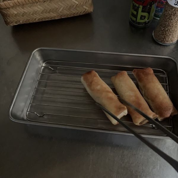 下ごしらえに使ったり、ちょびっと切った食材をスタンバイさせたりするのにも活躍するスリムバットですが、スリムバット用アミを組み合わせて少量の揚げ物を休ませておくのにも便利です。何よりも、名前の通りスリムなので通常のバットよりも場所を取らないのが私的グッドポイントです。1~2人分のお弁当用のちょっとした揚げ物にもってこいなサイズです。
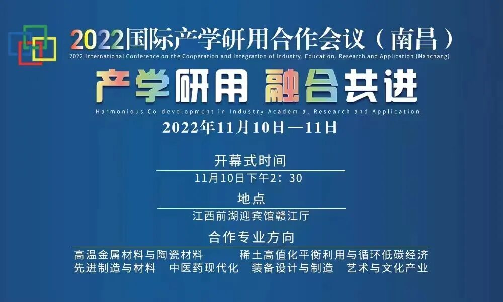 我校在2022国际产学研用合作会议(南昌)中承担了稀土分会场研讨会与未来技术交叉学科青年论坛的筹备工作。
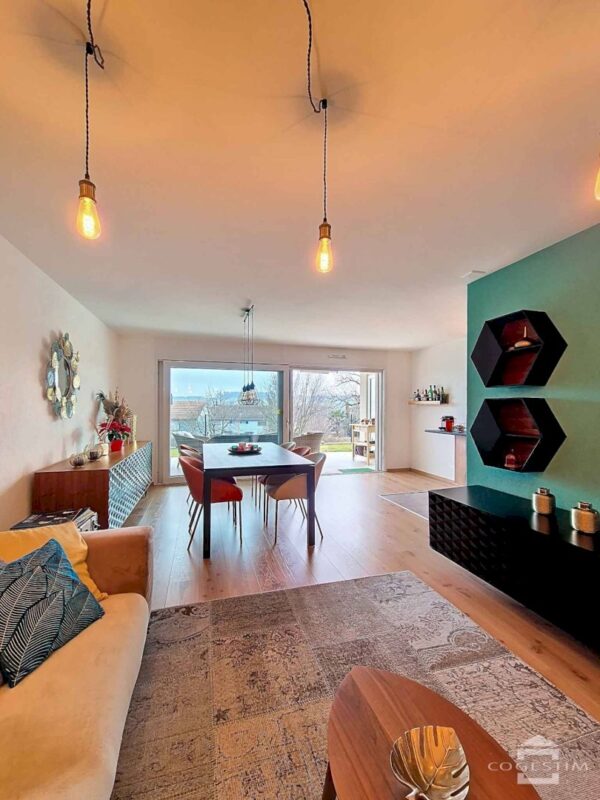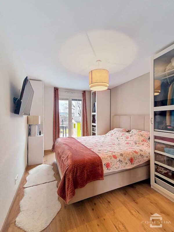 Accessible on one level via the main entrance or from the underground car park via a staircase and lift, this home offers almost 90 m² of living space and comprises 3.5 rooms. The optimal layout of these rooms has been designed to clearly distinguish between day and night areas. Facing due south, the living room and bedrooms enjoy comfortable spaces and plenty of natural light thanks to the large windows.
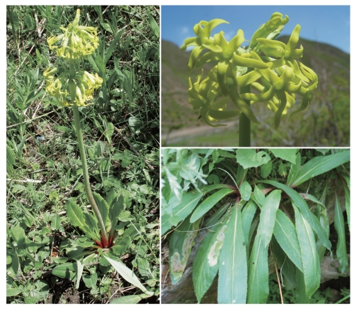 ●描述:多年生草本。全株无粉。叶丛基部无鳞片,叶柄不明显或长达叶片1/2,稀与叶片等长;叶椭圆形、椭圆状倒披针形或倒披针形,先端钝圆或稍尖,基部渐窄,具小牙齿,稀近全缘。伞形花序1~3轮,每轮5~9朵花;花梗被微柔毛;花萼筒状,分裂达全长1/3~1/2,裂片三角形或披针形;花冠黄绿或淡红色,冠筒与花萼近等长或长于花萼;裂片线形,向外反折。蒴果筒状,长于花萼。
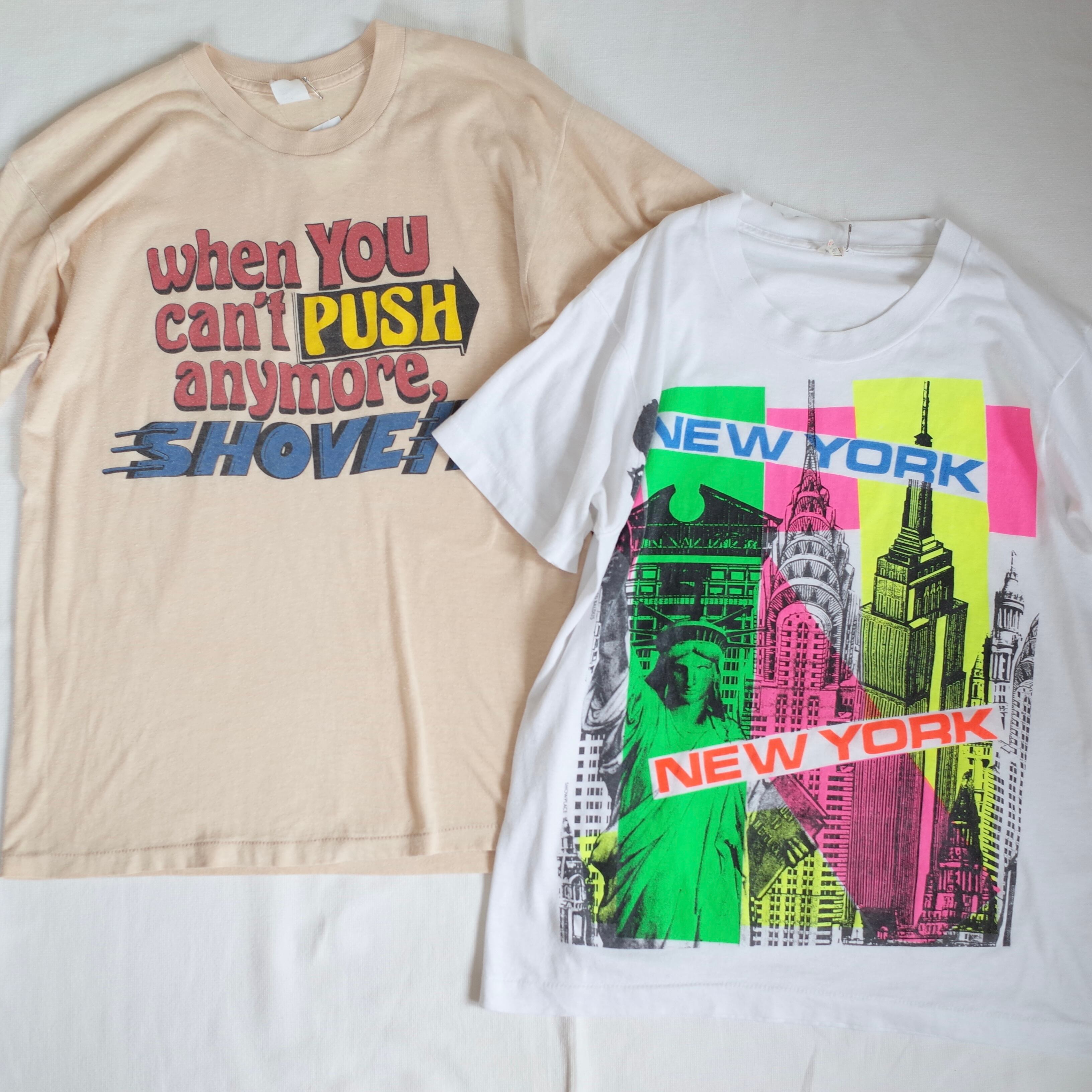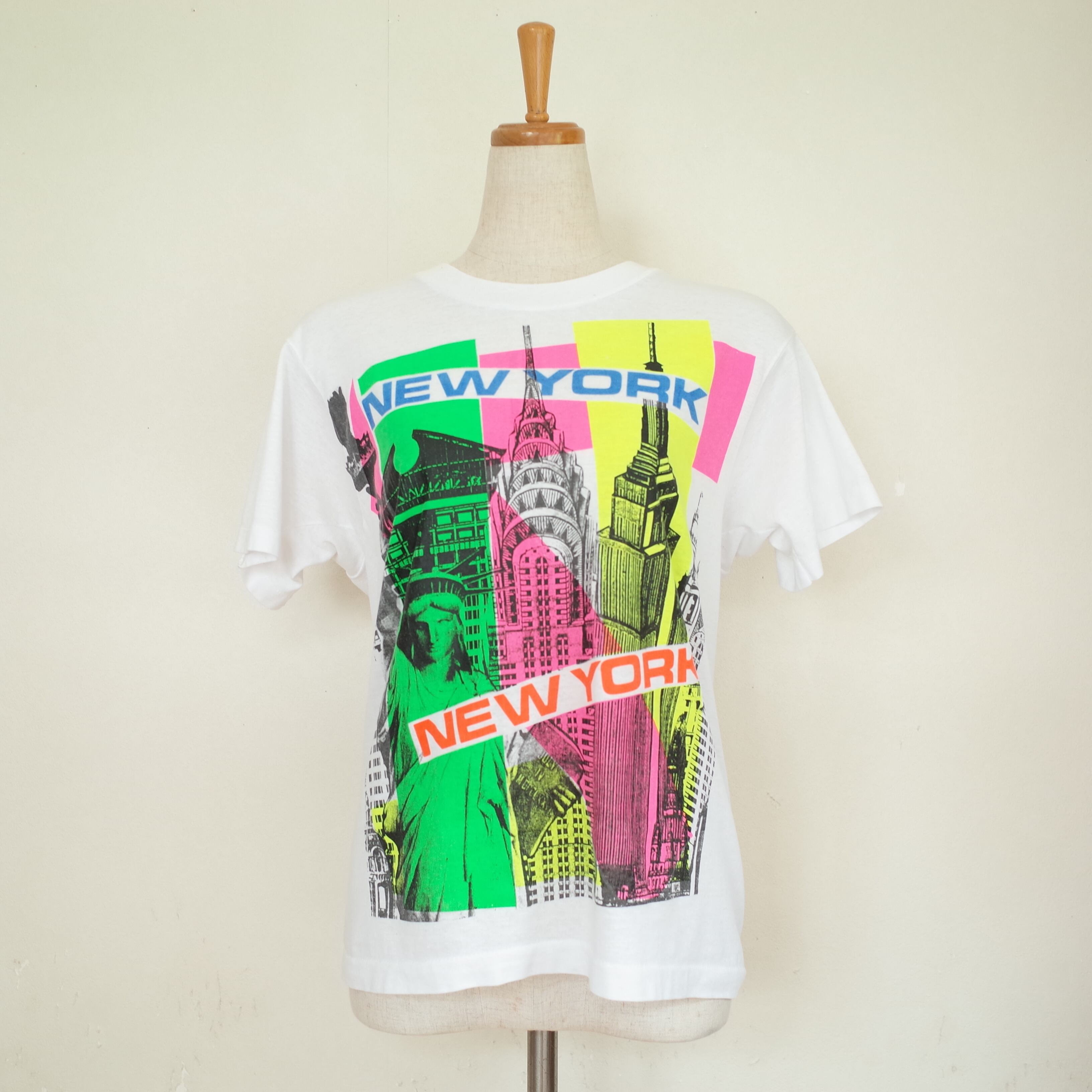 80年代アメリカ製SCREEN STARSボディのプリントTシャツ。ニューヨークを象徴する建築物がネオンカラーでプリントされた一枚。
● ● ● ●
**Prompt:** Print exactly the lines running from the start of the entries above to the line with "我校在2022国际产学研用合", both included; leave out any pictures.

**Answer section:**
 下ごしらえに使ったり、ちょびっと切った食材をスタンバイさせたりするのにも活躍するスリムバットですが、スリムバット用アミを組み合わせて少量の揚げ物を休ませておくのにも便利です。何よりも、名前の通りスリムなので通常のバットよりも場所を取らないのが私的グッドポイントです。1~2人分のお弁当用のちょっとした揚げ物にもってこいなサイズです。
 我校在2022国际产学研用合作会议(南昌)中承担了稀土分会场研讨会与未来技术交叉学科青年论坛的筹备工作。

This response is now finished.